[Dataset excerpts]
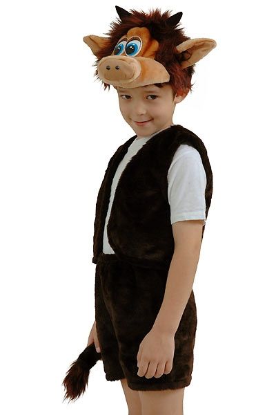 Шорты чертёнка выше колена. Черная бархатистая ткань жилетки, ушки, рожки маски-шапочки не дадут спутать этого персонажа ни с кем.
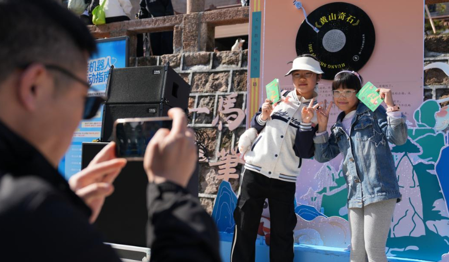 游客在打卡点拍照 (图片来源:黄山旅游)
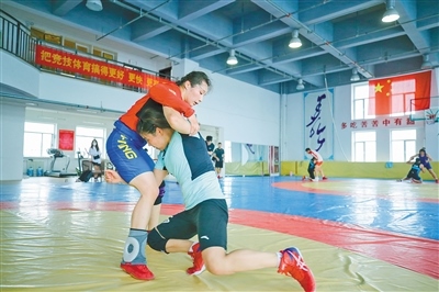 榜樣是看得見的力量。疫情防控要求下,隊里的姑娘們已經(jīng)進(jìn)行了大半年的全封閉訓(xùn)練,對身心都是巨大的挑戰(zhàn),但她們都想向冠軍看齊,再大的挑戰(zhàn)也要迎上去?!叭ツ耆\(yùn)會我因一分之差沒能進(jìn)入決賽,特別遺憾??粗犛涯媒鹋疲覀兌紴樗吲d,也意識到自己要加倍努力!”全運(yùn)會的失利成了張帥刻苦訓(xùn)練的動力,練習(xí)摔跤10年,拿下一塊金牌是她今年的目標(biāo)。雖然摔跤對抗強(qiáng)度大,拉傷扭傷是家常便飯,但張帥卻被這項運(yùn)動深深吸引,她說:“我愛摔跤的刺激,不到最后一刻誰都不能預(yù)測勝負(fù),拼到最后的熱血才是競技體育”。
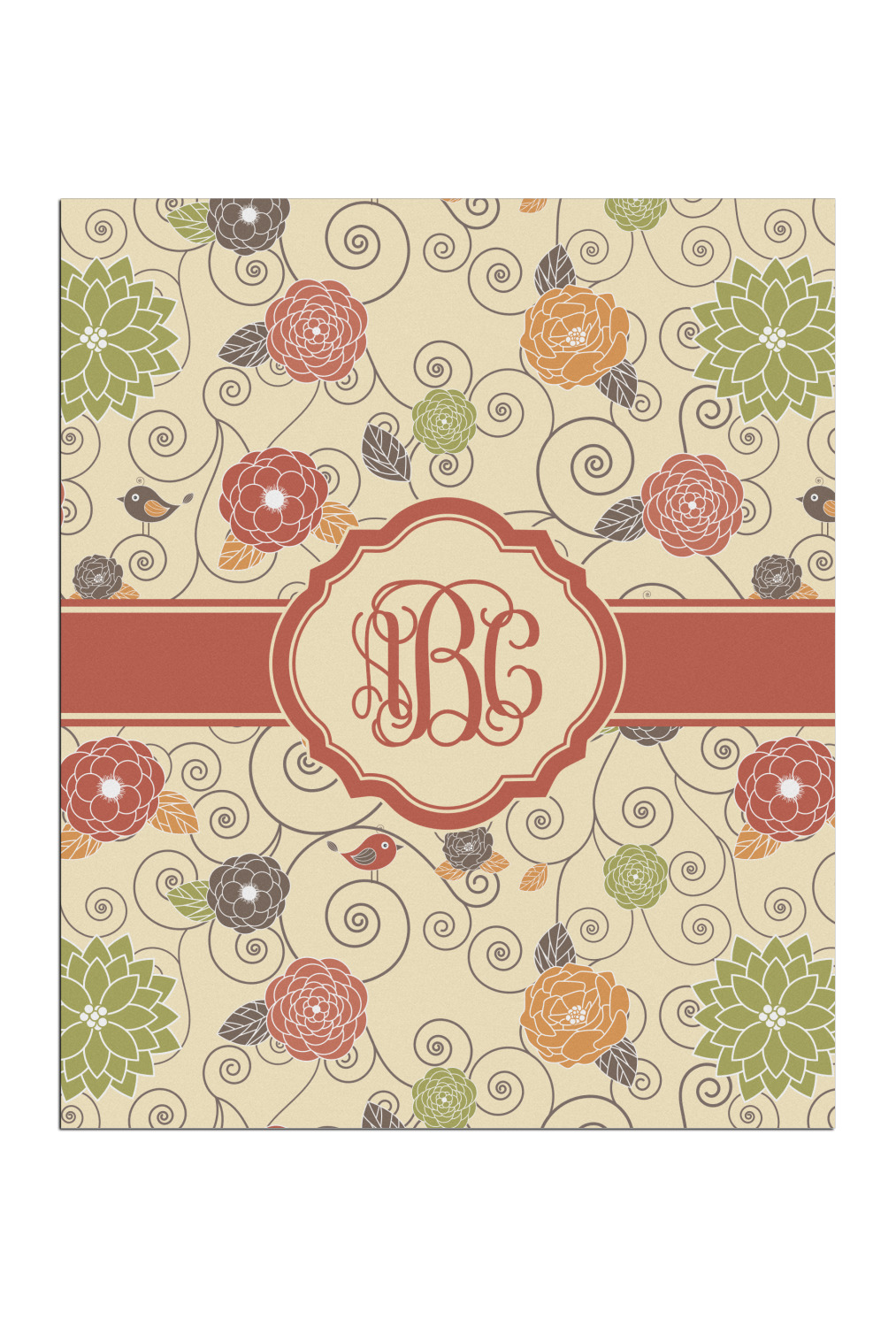 Autumn is in the air. You can feel the cool fall breeze when you see the sweet little song bird hidden amidst the fall foliage of red, orange, brown and green on a tan background. This fall flower design has chrysanthemums, asters, roses and beautiful set amongst swirls and curls.
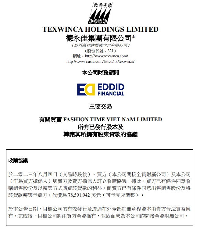 班尼路母公司德永佳集团于8月4日通过旗下间接全资附属公司永景实业有限公司收购时针越南控股有限公司,涉及金额约为7859万美元(约5.65亿人民币)。资料显示,时针越南主要从事生产针织成衣布。交易完成后,时针越南的有效发行及流通在外全部注册章程资本将由永景实业全资拥有,成为德永佳的间接全资附属公司。公司于1992年在东莞投资建厂,是德永佳集团在国内的主要生产基地之一,公司主要生产及销售各类高档针织面料及针织用色纱。产品以外销为主,客户主要为欧美、亚洲各地的国际知名品牌,客户主要分布于中国、日本、美国、欧洲等国家地区,如POLO、NIKE、GAP、BALENO、UNIQLO、ZARA、森马、安踏等知名品牌。公司紧跟行业发展新动态,开发化纤高档面料,无缝高档成衣等高附加值新型产品。

#### Exercise directions:
Repeat exactly the lines from the start of the entries down to the line with "游客在打卡点拍照 (图片来源:黄山旅游)", keeping both ends but none of the pictures.

#### Answer below:
 Шорты чертёнка выше колена. Черная бархатистая ткань жилетки, ушки, рожки маски-шапочки не дадут спутать этого персонажа ни с кем.
 游客在打卡点拍照 (图片来源:黄山旅游)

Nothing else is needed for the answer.